%%
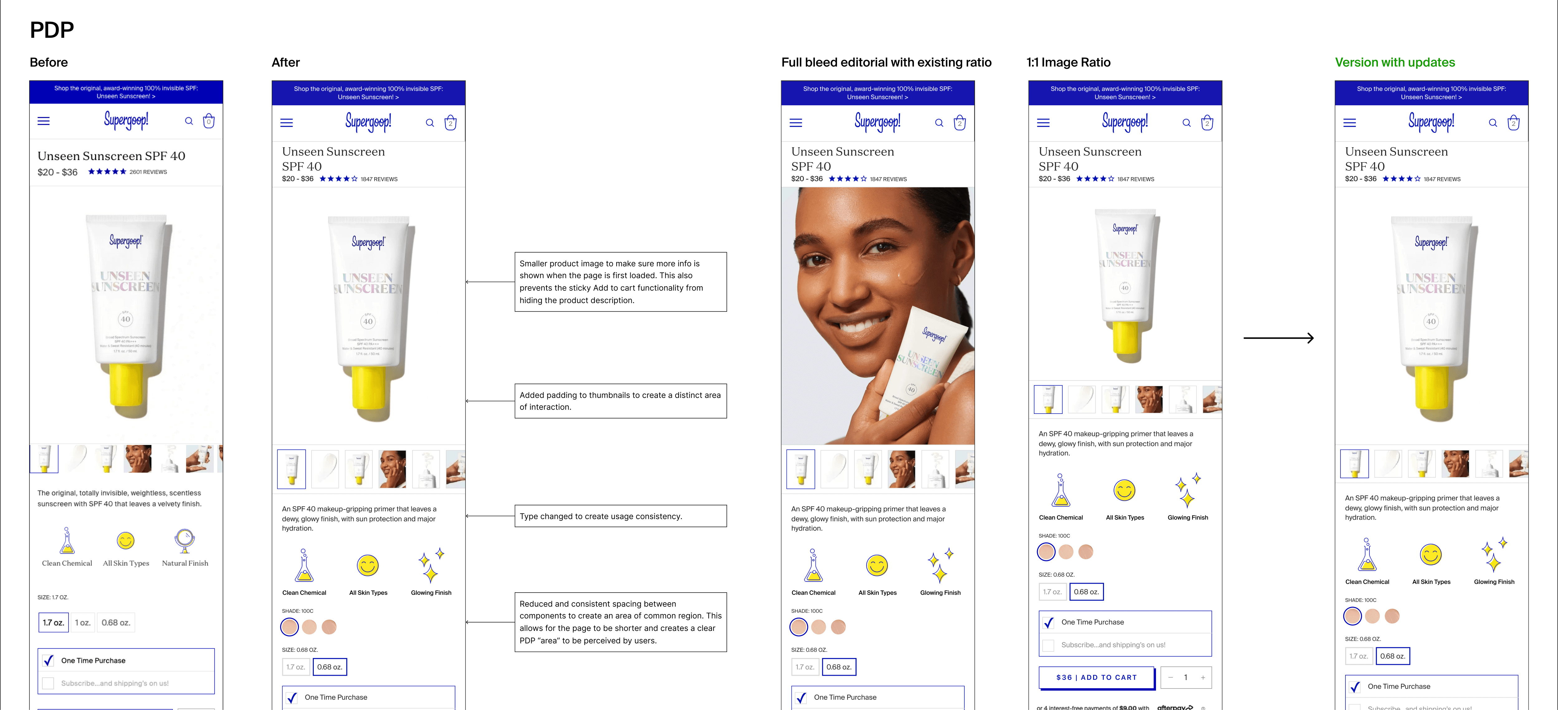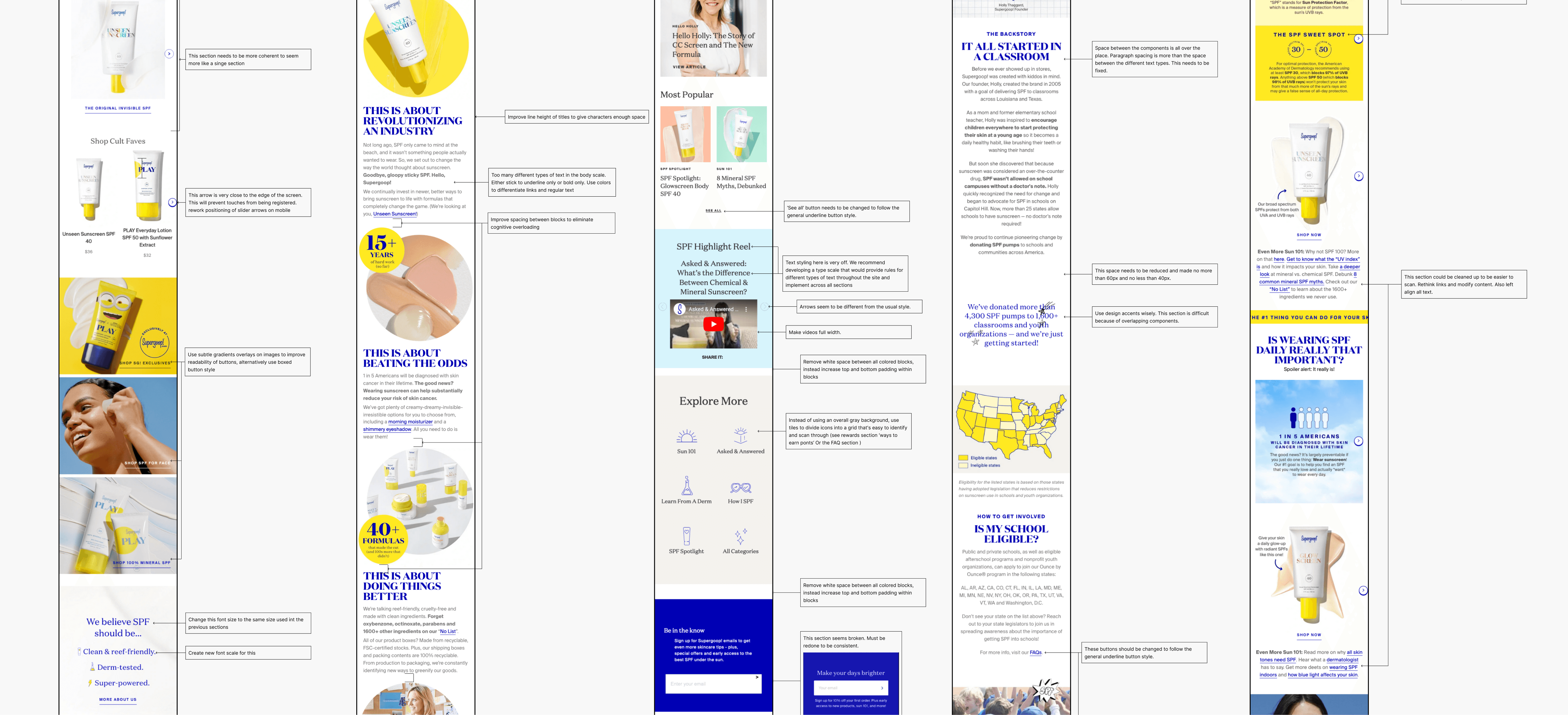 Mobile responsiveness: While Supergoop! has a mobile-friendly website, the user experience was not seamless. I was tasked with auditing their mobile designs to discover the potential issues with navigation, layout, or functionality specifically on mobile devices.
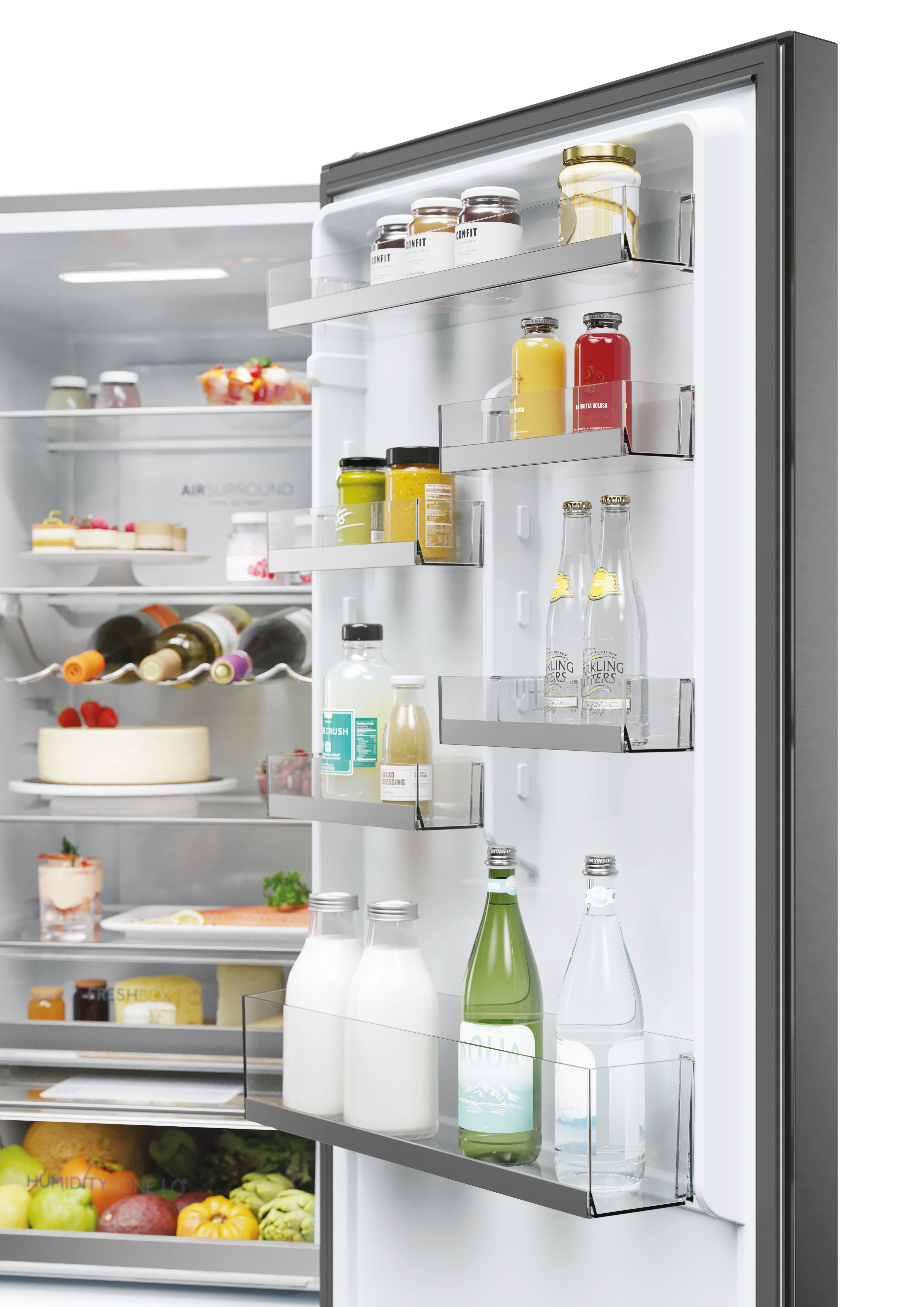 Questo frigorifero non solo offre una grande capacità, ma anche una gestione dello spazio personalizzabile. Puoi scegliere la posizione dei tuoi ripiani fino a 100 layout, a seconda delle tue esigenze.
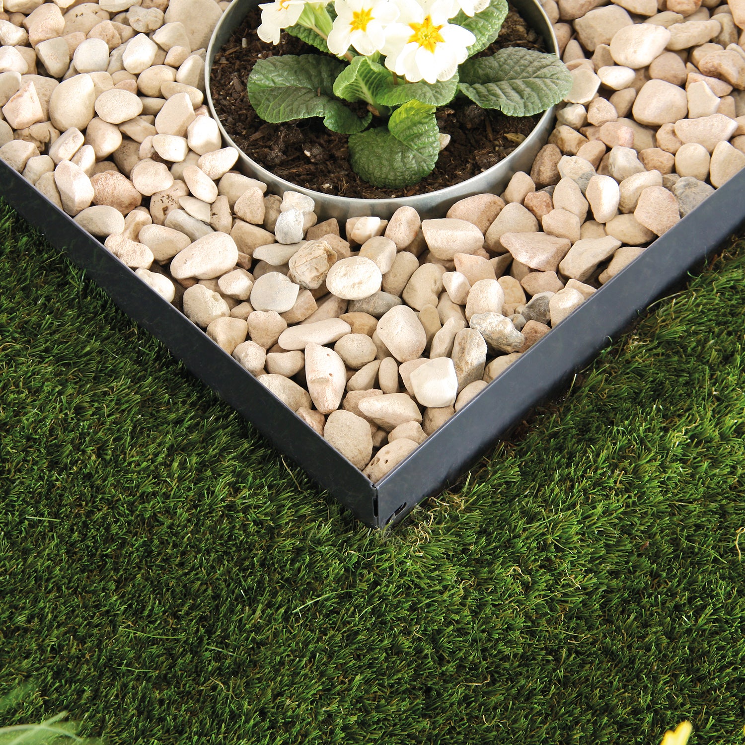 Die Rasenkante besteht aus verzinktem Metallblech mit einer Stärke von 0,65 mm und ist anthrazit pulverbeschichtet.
%%
**Exercise aim**
Without changing a word, restate the listing above; the pictures stay out.

**Written answer**
 Mobile responsiveness: While Supergoop! has a mobile-friendly website, the user experience was not seamless. I was tasked with auditing their mobile designs to discover the potential issues with navigation, layout, or functionality specifically on mobile devices.
 Questo frigorifero non solo offre una grande capacità, ma anche una gestione dello spazio personalizzabile. Puoi scegliere la posizione dei tuoi ripiani fino a 100 layout, a seconda delle tue esigenze.
 Die Rasenkante besteht aus verzinktem Metallblech mit einer Stärke von 0,65 mm und ist anthrazit pulverbeschichtet.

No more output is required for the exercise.